It was also shown that T.rubrum codifies a protein homologous to the transcriptional regulator pacC (Aspergillus nidulans)/Rim101p (Candida albicans), which is part of the signaling pathway of neutral pH, whose transcription is autoinduced. The pacC lineage of T.rubrum, which has this inactive gene, had its infectious capacity reduced when cultured in fragments of human nail, correlating with a sharp reduction of the keratinolytic activity. 29 These works suggest that development in keratin and the consequent degration of this protein are somehow regulated by the pacC gene, interfering with the secretion of proteases with optimal activity in alkaline pH. Moreover, pH signaling and monitoring pathways could be considered dermatophyte virulence factors, allowing the development and maintenance of the infection.

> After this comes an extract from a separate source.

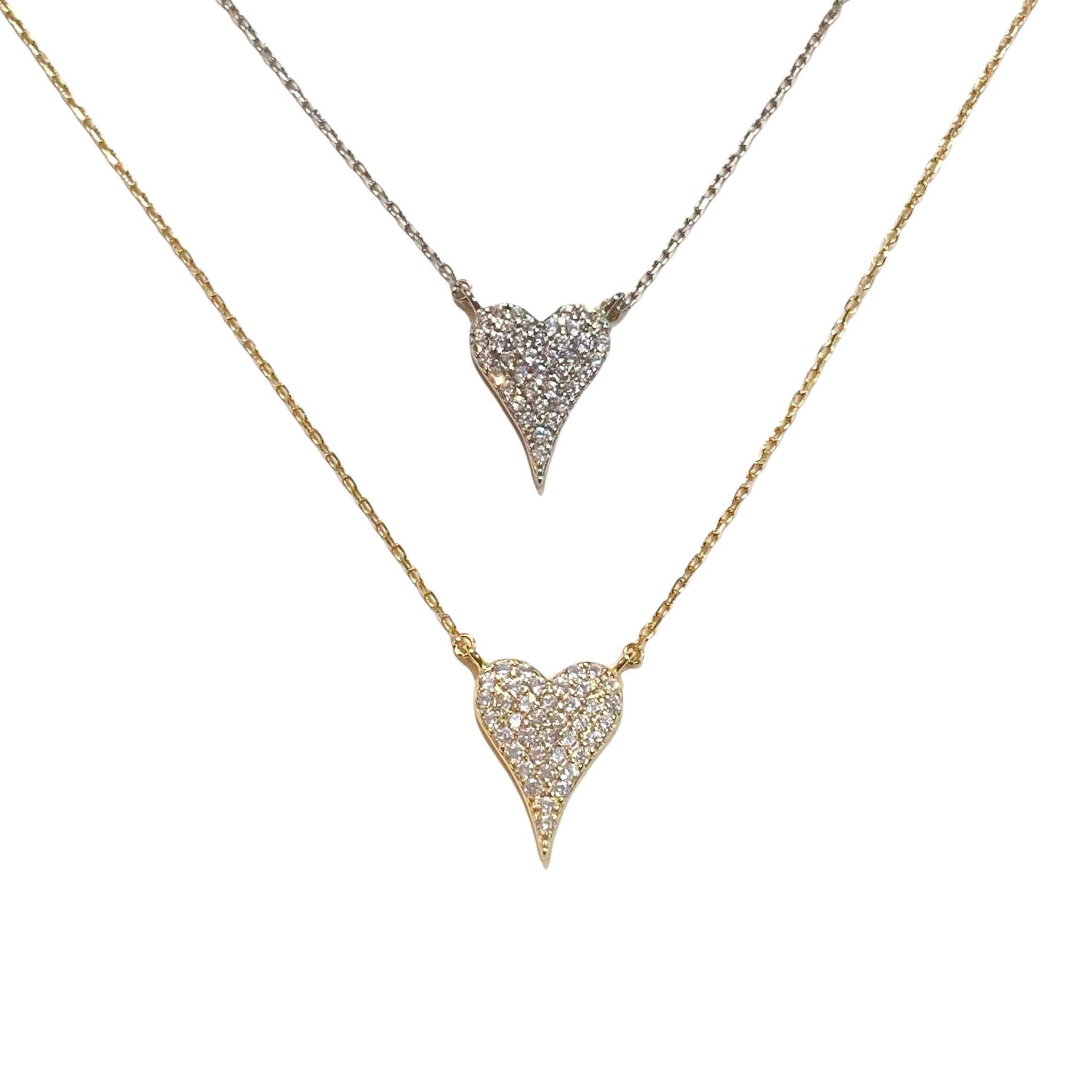 Gift your special someone our Heart Necklace for any occasion! Features a heart pendent that is paved with sparkling clear cubic zirconia stones that hangs from a fine sterling silver chain. Add some more love and find other Noellery necklaces to layer it up or match it up with our heart earrings!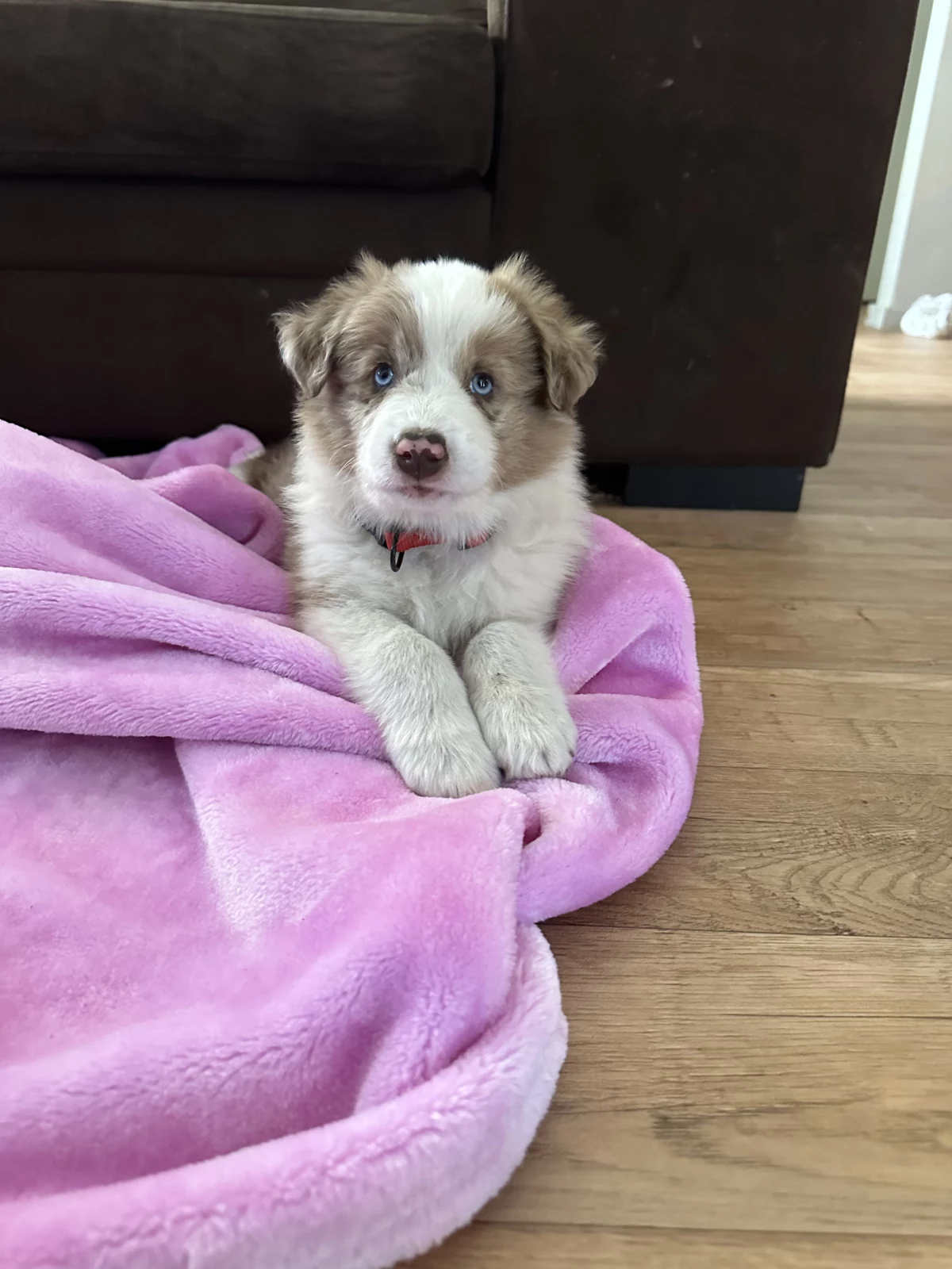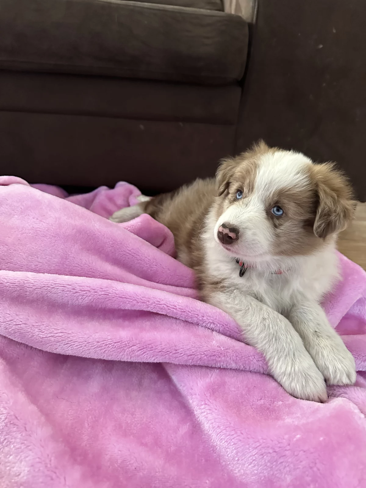 We have 1 purebred male lilac Merle border collie puppy from our litter of 5 left and he is looking for his forever home.

Other important components found in the host tissue are lipids, which are also the target of fungal extracellular enzymes in the pathogenesis of dermatophytoses. Studies have demonstrated that the dermatophytes Epidermophyton floccosum, M. canis, T. mentagrophytes and T. rubrum show lipolytic activity when cultured in different lipid agar sources, confirming the secretion of lipases and phospholipases by these dermatophytes. 30

Once in the host tissue, dermatophytes or their metabolites induce an innate immune response by keratinocytes, thus activating immune response mechanisms or mediators. However, the immune response in dermatophytoses is scarcely known, involving unspecific mechanisms, as well as the development of a humoral and cellular response. Studies report that individuals infected with Trichophyton may show an immediate or late hypersensitivity reaction in sensitivity tests, proving the existence of an immune response dychotomy in the case of dermatophytoses. It is currently accepted that the cell-mediated immune response is responsible for the control of the infection, as some patients develop a recurrent and chronic infection when this cellular response is suppressed.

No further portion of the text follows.